This is a write-up based on a talk that I recently gave in DevPulseCon on Debugging.
In this post I will go over the basics of debugging. In Part II of this post, we will see how we applied this process to debugging a docker-machine issue we recently encountered.
Debugging is twice as hard as writing the code in the first place. Therefore, if you write the code as cleverly as possible, you are, by definition, not smart enough to debug it.
— Brian W. Kernighan and P. J. Plauger in The Elements of Programming Style.
Debugging may seem like a black art. However, most people and teams that are great at solving problems employ similar strategies. Today we will discuss some of these strategies and look at a framework for debugging hard problems.
Define the Problem
The first thing and the most important thing to do before embarking on a problem solving session is to define the problem, as precisely as possible. Try to answer who, what, where, when, how and why for the situation to find the exact problem. Repeatedly ask the question “What exactly is going wrong and why do you think it is a problem?”, until finally you come to a question you can’t answer. Sometimes this may still leave a very large problem area to tackle, and the next set of steps will help find more information about the system after which you can come back to this step and repeat the process.
Understand the System
To define abnormal behavior you need to understand how a system behaves in normal conditions. To understand the data flow in a complex system, you need to understand the deployment topology. You need to understand how to collect additional data and use tools to probe into the system – like debuggers, log collectors, hardware analyzers etc. Understanding the system becomes a wider net as the problem gets harder to locate and often “you” don’t have to be and cannot be a single person. It can be a team of people who know their subsystem, tools and interfaces extremely well and who can work together to paint a complete picture.
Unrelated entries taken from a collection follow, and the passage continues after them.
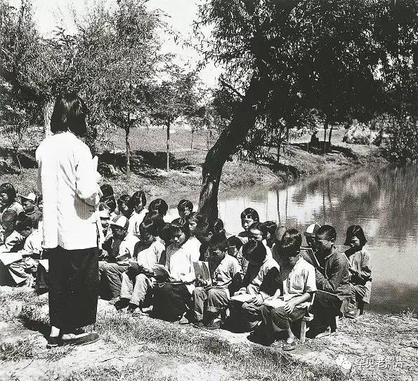 20世纪40年代,山东沂蒙山区某地的小学生在野外上课。时在初秋,孩子们拿着课本,拎着板凳,来到水塘边,整齐列坐,听老师讲课。
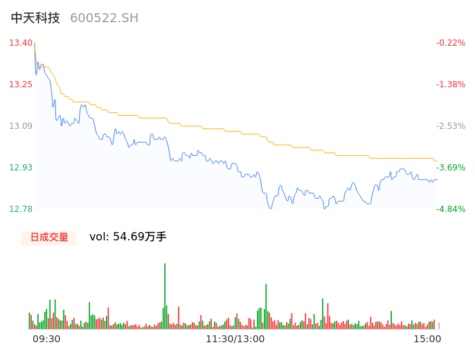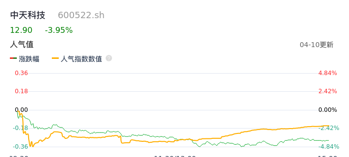 04月10日,中天科技收报12.90,股价涨幅-3.95%,成交金额7.09亿元,换手率1.60%。
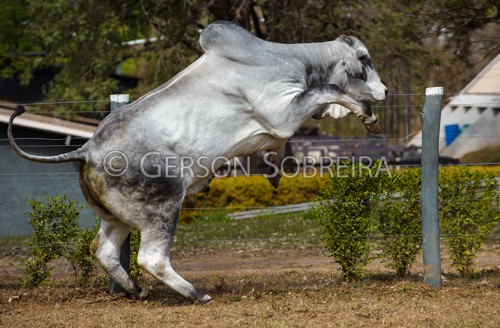 Título: Touro Nelore saltando cerca |
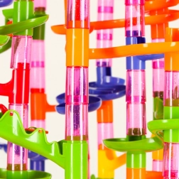 Tato kuličková dráha vám umožní navrhovat a stavět vlastní labyrinty z pestrých plastových dílů. Vytvořte si originální konstrukce, pořádejte závody a sledujte, jak kuličky sviští spirálami, tunely a zatáčkami. Díky intuitivnímu spojování se děti učí logickému uvažování a řešení problémů.
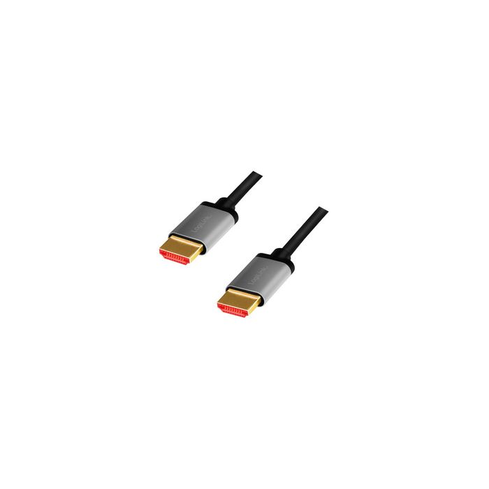 LogiLink Câble HDMI 2.1, fiche mâle A - mâle A, 1,0 m fiche mâle HDMI-A 19 broches - mâle HDMI-A 19 broches, cor- respond à HDMI 2.1 Ultra High Speed, débit de données: jusqu'à 48 Gbits/s, boîtier en aluminium, triple blindage, plaqués or, couleur : noir/gris (CHA0104)

Dmitry Vostokov takes this to an extreme and provides you dumps of machine code from a working Windows system that you can compare with a problematic dump to see what is wrong. Whether it is machine code, source code, documentation, configuration files or tools, understanding the system and how the system behaves normally is critical to finding what went wrong and why.
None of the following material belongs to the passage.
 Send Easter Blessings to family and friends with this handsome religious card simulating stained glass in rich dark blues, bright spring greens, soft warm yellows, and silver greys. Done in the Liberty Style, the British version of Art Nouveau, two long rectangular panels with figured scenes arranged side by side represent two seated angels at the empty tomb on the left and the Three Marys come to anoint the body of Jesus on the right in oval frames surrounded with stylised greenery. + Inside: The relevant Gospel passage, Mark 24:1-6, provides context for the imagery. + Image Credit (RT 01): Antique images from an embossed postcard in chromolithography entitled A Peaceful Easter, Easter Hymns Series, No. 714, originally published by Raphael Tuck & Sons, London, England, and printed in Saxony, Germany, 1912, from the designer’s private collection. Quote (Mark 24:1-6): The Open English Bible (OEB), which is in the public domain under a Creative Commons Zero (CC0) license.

“One thing is sure. We have to do something. We have to do the best we know how at the moment . . . ; If it doesn’t turn out right, we can modify it as we go along.”
— Franklin D.Roosevelt
You have defined the problem to the best of the available information, but it is not clear what is going wrong. This is the point to start looking deeper and broader into the system. Collect additional data around the problem. If you see anything deviating from what is expected, start collecting more information.
Catch the Failure
Reproducing the problem or catching a problem when it happens is critical not only to the problem solving process, but also to ensure that you have actually resolved the problem. If you can’t catch a problem, there is no way to know when you may have solved it.
You can start with the problem definition and the data collected to identify what software/hardware combinations and what conditions are best to recreate a problem. The faster and more exactly you can create a problem, the faster you can debug it and find and test a solution. One gotcha with trying to recreate a failure is that you may end up finding and creating another totally different failure that can side track the debugging process, so it is important to change as little as possible in any given experiment and to meticulously track everything you change.
Identify Potential Causes
The Kepner-Tregoe problem solving methodology makes this a surgical science. The most important question to ask here is what is different (from a working case or a comparable working system) or what changed(from when a system was working). Often in production systems, hundreds of variables may have changed before you start noticing a problem, so it is important to go beyond just the last change. Once you know the exact differences it is time to brainstorm. This step is best done collaboratively, putting together expert knowledge from multiple perspectives with the problem and data in hand. This is the time that Sherlock Holmes talks to Watson or Hercule Poirot talks to Hastings and gets that spark that provides the potential cause.
Divide and Conquer
If the previous step gives you a single potential cause, lucky you! If not, now is the time to group the potential causes and subsystems to narrow down the probable causes. Replacing a sub-component with a known working alternative, testing with a different version of software or hardware, and checking a previous configuration all help in narrowing the scope and the potential causes. Always track every experiment and its effects. It is very easy to lose track of what was tried and what the results were and you will find yourself running around in circles unless you leave a trail of breadcrumbs.
Fix, Test and Test
You now understand the system and know how it works, you know how to catch a failure, you have found the one true cause and now it is time to create a fix (or workaround) and test that it really solves the problem. Remember to make sure you didn’t inadvertently change something else that caused the failure to simply hide. Keep the system in the test as close to the one in which you created the failure as possible.
Following the above steps can make your problem solving sessions seem slow. When you have a production down scenario, you want to do something fast!
— The Hitchhiker’s Guide to the Galaxy
The tendency to panic and do “something” in a hurry can:
- Cause a new problem
- Erase evidence required to solve the original problem
- Hide the problem until much later when it has more severe consequences
- Cause mistrust about the software system, competence of the people and processes.
Don’t panic! Follow a systematic debugging process. Start with defining the problem precisely and you will be well on your way to a finding a good solution.